TASK TO CARRY OUT: Starting at the first line of the data, print each line verbatim up to and including the line bearing "Carro de corrida com", omitting pictures.
○ ○ ○ ○
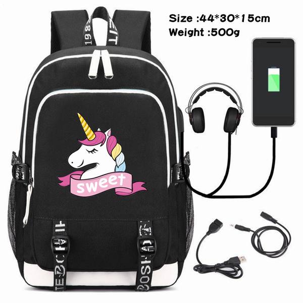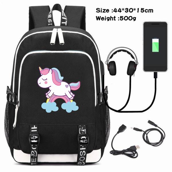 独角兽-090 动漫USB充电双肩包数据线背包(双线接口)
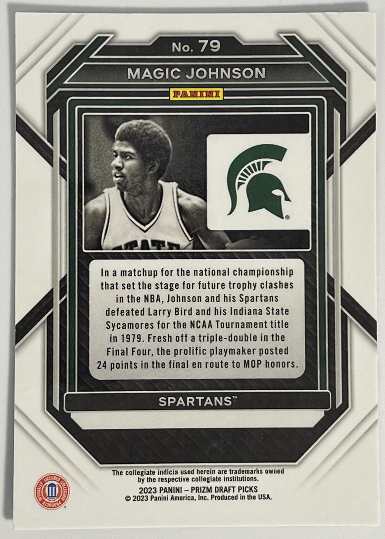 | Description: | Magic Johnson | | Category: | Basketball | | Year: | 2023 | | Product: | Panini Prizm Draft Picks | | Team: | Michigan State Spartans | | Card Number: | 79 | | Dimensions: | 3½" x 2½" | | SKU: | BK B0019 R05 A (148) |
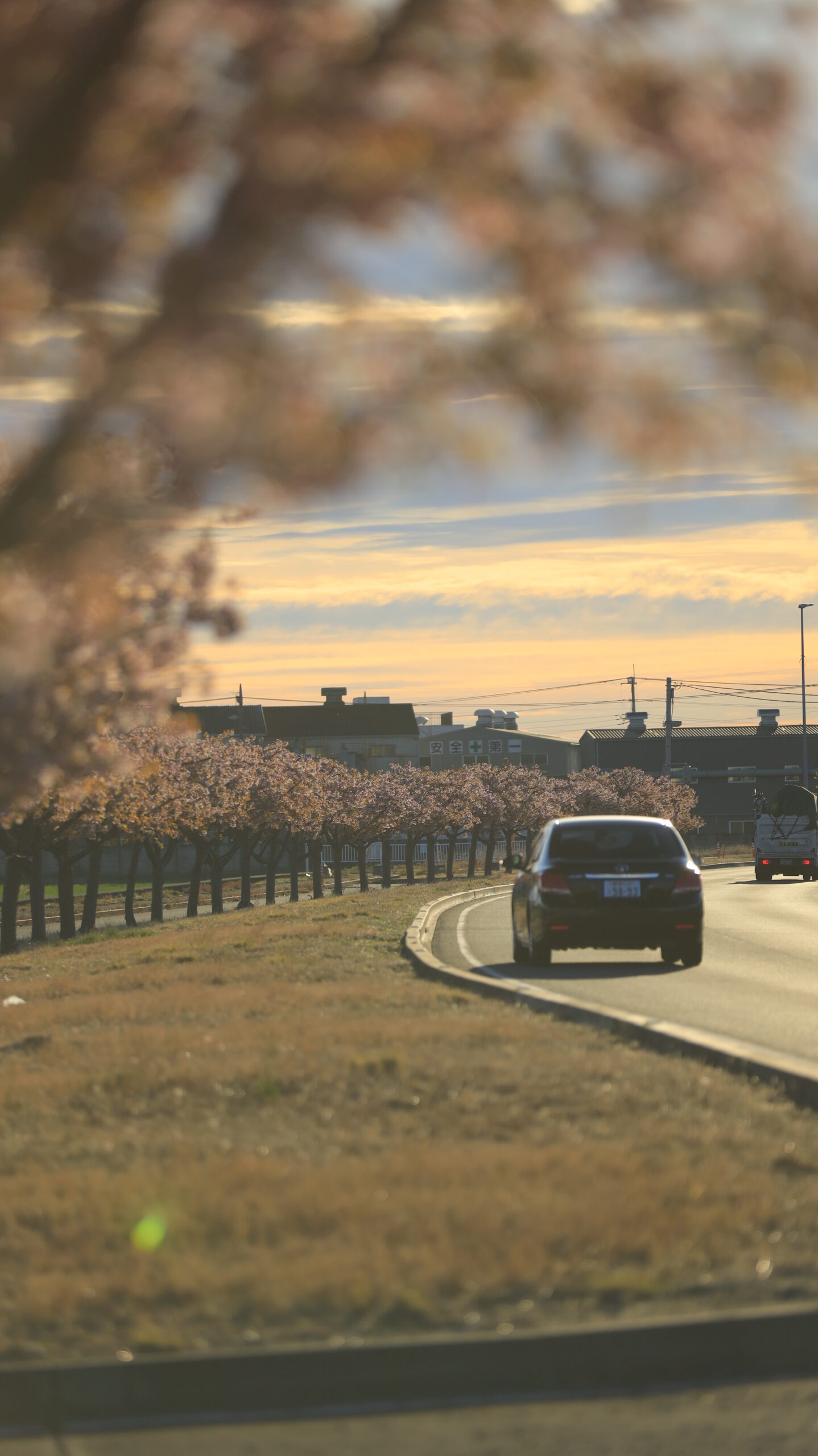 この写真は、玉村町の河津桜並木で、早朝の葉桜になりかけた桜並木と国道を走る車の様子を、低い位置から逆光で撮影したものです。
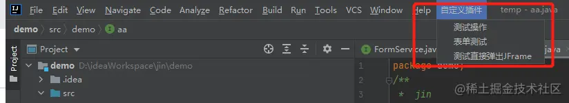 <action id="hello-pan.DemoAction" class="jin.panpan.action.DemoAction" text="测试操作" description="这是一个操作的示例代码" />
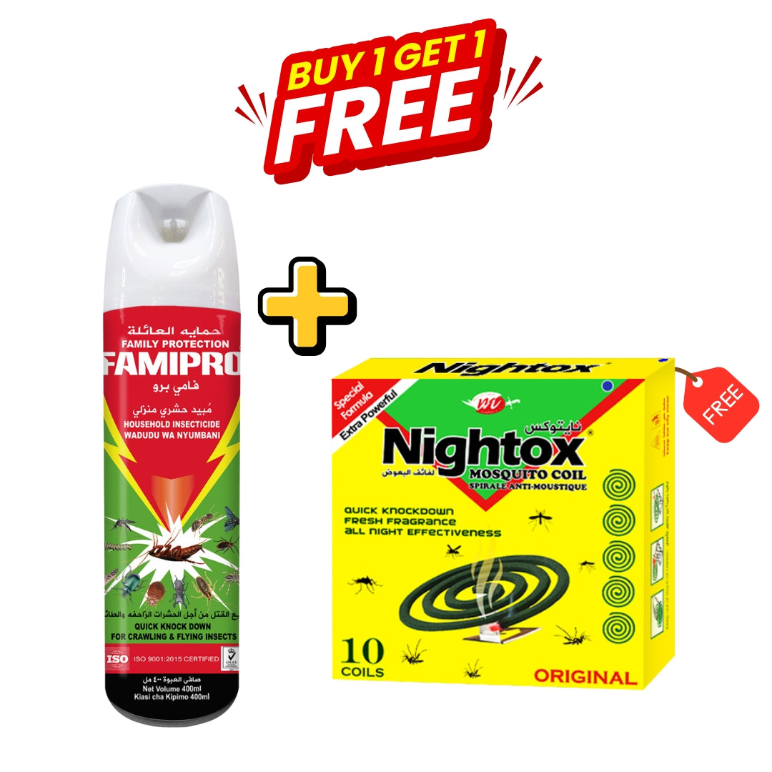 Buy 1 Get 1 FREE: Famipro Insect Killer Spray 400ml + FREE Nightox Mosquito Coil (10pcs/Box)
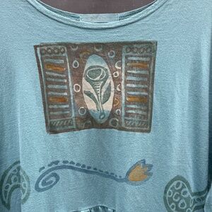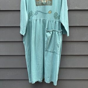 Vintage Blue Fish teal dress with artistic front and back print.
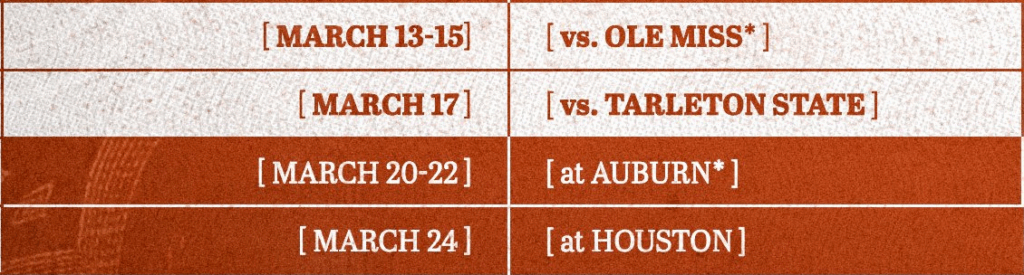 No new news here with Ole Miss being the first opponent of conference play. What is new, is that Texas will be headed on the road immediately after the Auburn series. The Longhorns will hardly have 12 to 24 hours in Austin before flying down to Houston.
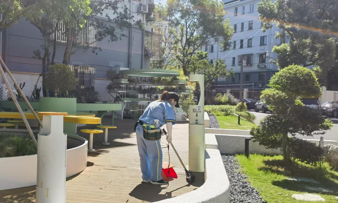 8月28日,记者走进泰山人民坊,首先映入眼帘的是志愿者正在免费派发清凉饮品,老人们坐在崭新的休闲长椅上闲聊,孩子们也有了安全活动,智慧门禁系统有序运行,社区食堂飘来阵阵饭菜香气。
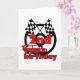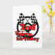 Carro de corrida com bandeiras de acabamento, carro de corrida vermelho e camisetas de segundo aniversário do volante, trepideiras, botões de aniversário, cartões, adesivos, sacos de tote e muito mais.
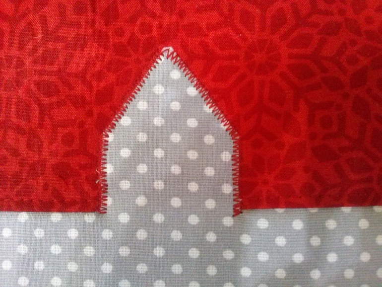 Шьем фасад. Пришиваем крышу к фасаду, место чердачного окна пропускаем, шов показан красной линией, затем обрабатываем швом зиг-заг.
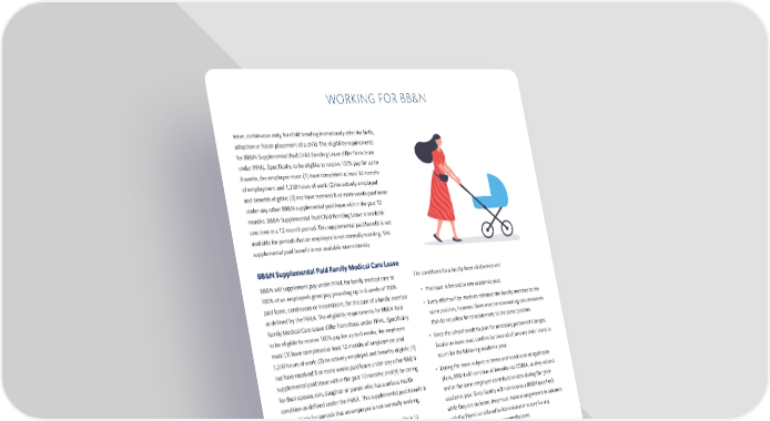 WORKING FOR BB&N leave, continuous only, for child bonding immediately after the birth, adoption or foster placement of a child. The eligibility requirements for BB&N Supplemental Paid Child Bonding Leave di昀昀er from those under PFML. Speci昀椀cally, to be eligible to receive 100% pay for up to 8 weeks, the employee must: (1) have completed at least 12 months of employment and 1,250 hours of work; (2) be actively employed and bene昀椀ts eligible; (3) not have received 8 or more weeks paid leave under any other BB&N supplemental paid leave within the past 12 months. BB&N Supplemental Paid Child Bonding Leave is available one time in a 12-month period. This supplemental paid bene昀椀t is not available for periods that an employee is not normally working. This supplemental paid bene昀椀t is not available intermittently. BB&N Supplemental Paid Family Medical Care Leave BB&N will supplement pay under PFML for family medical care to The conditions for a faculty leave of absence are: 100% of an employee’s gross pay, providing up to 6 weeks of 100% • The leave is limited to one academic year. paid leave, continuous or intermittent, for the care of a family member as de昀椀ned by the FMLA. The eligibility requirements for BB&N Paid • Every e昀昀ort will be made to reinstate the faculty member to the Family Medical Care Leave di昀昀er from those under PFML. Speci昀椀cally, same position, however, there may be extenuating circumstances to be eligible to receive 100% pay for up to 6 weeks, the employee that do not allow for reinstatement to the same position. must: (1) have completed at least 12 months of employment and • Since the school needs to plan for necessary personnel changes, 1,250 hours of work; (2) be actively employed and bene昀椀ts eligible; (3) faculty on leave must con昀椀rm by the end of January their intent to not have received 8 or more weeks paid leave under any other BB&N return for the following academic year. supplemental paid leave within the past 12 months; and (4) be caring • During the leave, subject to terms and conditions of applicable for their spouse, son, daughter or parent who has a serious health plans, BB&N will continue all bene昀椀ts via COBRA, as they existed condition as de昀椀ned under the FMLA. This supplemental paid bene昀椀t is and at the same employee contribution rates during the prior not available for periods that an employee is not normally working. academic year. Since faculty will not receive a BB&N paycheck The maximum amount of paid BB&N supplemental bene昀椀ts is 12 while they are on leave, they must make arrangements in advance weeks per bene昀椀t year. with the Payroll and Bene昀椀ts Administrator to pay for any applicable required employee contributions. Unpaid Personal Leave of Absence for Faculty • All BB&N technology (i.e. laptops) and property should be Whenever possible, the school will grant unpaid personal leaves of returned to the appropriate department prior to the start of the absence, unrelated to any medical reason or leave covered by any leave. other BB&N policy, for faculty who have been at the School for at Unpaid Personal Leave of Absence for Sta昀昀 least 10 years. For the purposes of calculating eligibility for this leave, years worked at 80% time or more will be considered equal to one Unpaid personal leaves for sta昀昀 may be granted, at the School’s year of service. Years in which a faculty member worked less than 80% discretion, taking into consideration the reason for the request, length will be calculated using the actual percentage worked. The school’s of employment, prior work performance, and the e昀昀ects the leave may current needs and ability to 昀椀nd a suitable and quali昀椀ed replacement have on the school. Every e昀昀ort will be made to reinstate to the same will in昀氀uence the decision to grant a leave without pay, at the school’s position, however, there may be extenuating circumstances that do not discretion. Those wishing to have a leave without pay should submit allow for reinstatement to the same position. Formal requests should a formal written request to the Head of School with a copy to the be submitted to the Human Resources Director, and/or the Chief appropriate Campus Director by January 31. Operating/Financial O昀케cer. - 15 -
○ ○ ○ ○
RESPONSE FOR THIS EXERCISE:
 独角兽-090 动漫USB充电双肩包数据线背包(双线接口)
 | Description: | Magic Johnson | | Category: | Basketball | | Year: | 2023 | | Product: | Panini Prizm Draft Picks | | Team: | Michigan State Spartans | | Card Number: | 79 | | Dimensions: | 3½" x 2½" | | SKU: | BK B0019 R05 A (148) |
 この写真は、玉村町の河津桜並木で、早朝の葉桜になりかけた桜並木と国道を走る車の様子を、低い位置から逆光で撮影したものです。
 <action id="hello-pan.DemoAction" class="jin.panpan.action.DemoAction" text="测试操作" description="这是一个操作的示例代码" />
 Buy 1 Get 1 FREE: Famipro Insect Killer Spray 400ml + FREE Nightox Mosquito Coil (10pcs/Box)
 Vintage Blue Fish teal dress with artistic front and back print.
 No new news here with Ole Miss being the first opponent of conference play. What is new, is that Texas will be headed on the road immediately after the Auburn series. The Longhorns will hardly have 12 to 24 hours in Austin before flying down to Houston.
 8月28日,记者走进泰山人民坊,首先映入眼帘的是志愿者正在免费派发清凉饮品,老人们坐在崭新的休闲长椅上闲聊,孩子们也有了安全活动,智慧门禁系统有序运行,社区食堂飘来阵阵饭菜香气。
 Carro de corrida com bandeiras de acabamento, carro de corrida vermelho e camisetas de segundo aniversário do volante, trepideiras, botões de aniversário, cartões, adesivos, sacos de tote e muito mais.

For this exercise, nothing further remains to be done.